For testing the package, you can use the example data in `examples/tutorial/data`

```
examples/tutorial/data
│   aliases.jsonl
│   entities.jsonl
```

### **entities.jsonl Record Format**

```json
{"id": "Canonical Entity Id", "description": "Entity Description used for Disambiguation"}
```

**Example data**
```json
{"id": "a1", "description": "Machine learning (ML) is the scientific study of algorithms and statistical models..."}
{"id": "a2", "description": "ML (\"Meta Language\") is a general-purpose functional programming language. It has roots in Lisp, and has been characterized as \"Lisp with types\"."}
{"id": "a3", "description": "Natural language processing (NLP) is a subfield of linguistics, computer science, information engineering, and artificial intelligence concerned with the interactions between computers and human (natural) languages, in particular how to program computers to process and analyze large amounts of natural language data."}
{"id": "a4", "description": "Neuro-linguistic programming (NLP) is a pseudoscientific approach to communication, personal development, and psychotherapy created by Richard Bandler and John Grinder in California, United States in the 1970s."}
...
```

### **aliases.jsonl Record Format**

```json
{"alias": "alias string", "entities": ["list", "of", "entity", "ids"], "probabilities": [0.5, 0.5]}
```

**Example data**
```json
{"alias": "ML", "entities": ["a1", "a2"], "probabilities": [0.5, 0.5]}
{"alias": "Machine learning", "entities": ["a1"], "probabilities": [1.0]}
{"alias": "Meta Language", "entities": ["a2"], "probabilities": [1.0]}
{"alias": "NLP", "entities": ["a3", "a4"], "probabilities": [0.5, 0.5]}
{"alias": "Natural language processing", "entities": ["a3"], "probabilities": [1.0]}
{"alias": "Neuro-linguistic programming", "entities": ["a4"], "probabilities": [1.0]}
...
```
  
## Example Data

`spacy-ann-linker` comes with some example data to get you started.

!!! important
    If this is your first time using `spacy-ann-linker` start out with the example data using the `spacy_ann example_data` command.
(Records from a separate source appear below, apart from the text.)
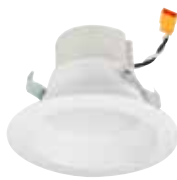
NLPR-442 4" Baffle WW, BZBZ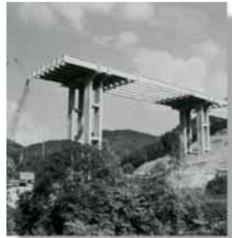
Lightweight concrete was used on the Shelby Creek Bridge to reduce superstructure weight.

The use of lightweight aggregates, while more expensive than conventional aggregates, does not increase the total project cost. Consider the use of lightweight HPC on an 8-in. (200-mm) thick concrete bridge slab with a cost premium of $30/cu yd ($39/cu m). One cubic yard (0.76 cu m) of concrete will yield approximately 40 sq ft (3.7 sq m) of deck causing an increase in slab cost of 30/40 = \$0.75/\text{sq ft} ($8.07/sq m). For a bridge with a total cost of $75/sq ft ($807/sq m) this results in a cost increase of one percent. However, this one percent material cost is offset by the reductions in the cost of slab reinforcement and the reduced size and cost of girders, piers, and foundations all due to a lower superstructure self weight of approximately 20 percent.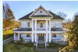
INDIANA, $371,500 Jasper, IN 5,292 square feet 6 beds, 4 baths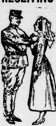
RECEIVING WAR CROSS

If a woman is borne down by pain and sufferings, by nervousness or dizzy spells, by headache or backache, "Favorite Prescription" should be taken. It can be had in tablet form as well as liquid at most drug stores. Send to Dr. Pierce's Branch at Bridgeburg, Ont., for a free trial package of tablets.

Just pass an output_dir to write the example data to.

<div class="termy">

```console
$ spacy_ann example_data ./kb

=============== Example Data ================
Writing Example data to test/kb
✔ Done.
```

</div>

This should leave you with a folder called ./kb_dir that has a structure like

```
kb_dir
│   aliases.jsonl
│   entities.jsonl
```

## spaCy prerequisites

If you don't have a pretrained spaCy model, download one now. The model needs to have vectors
so download a model bigger than `en_core_web_sm`


<div class="termy">

```console
$ spacy download en_core_web_md
---> 100%
Successfully installed en_core_web_md
```

</div>

## Next Steps

Once you have the Data and spaCy prerequisites completed follow along with the [Tutorial](https://microsoft.github.io/spacy-ann-linker/tutorial/create_index/) to for a step-by-step guide for using the `spacy_ann` package.

!!! important
    These are just the prerequisites. Follow the full tutorial linked above for a step-by-step guide to working with `spacy-ann-linker`.

## License

This project is licensed under the terms of the MIT license.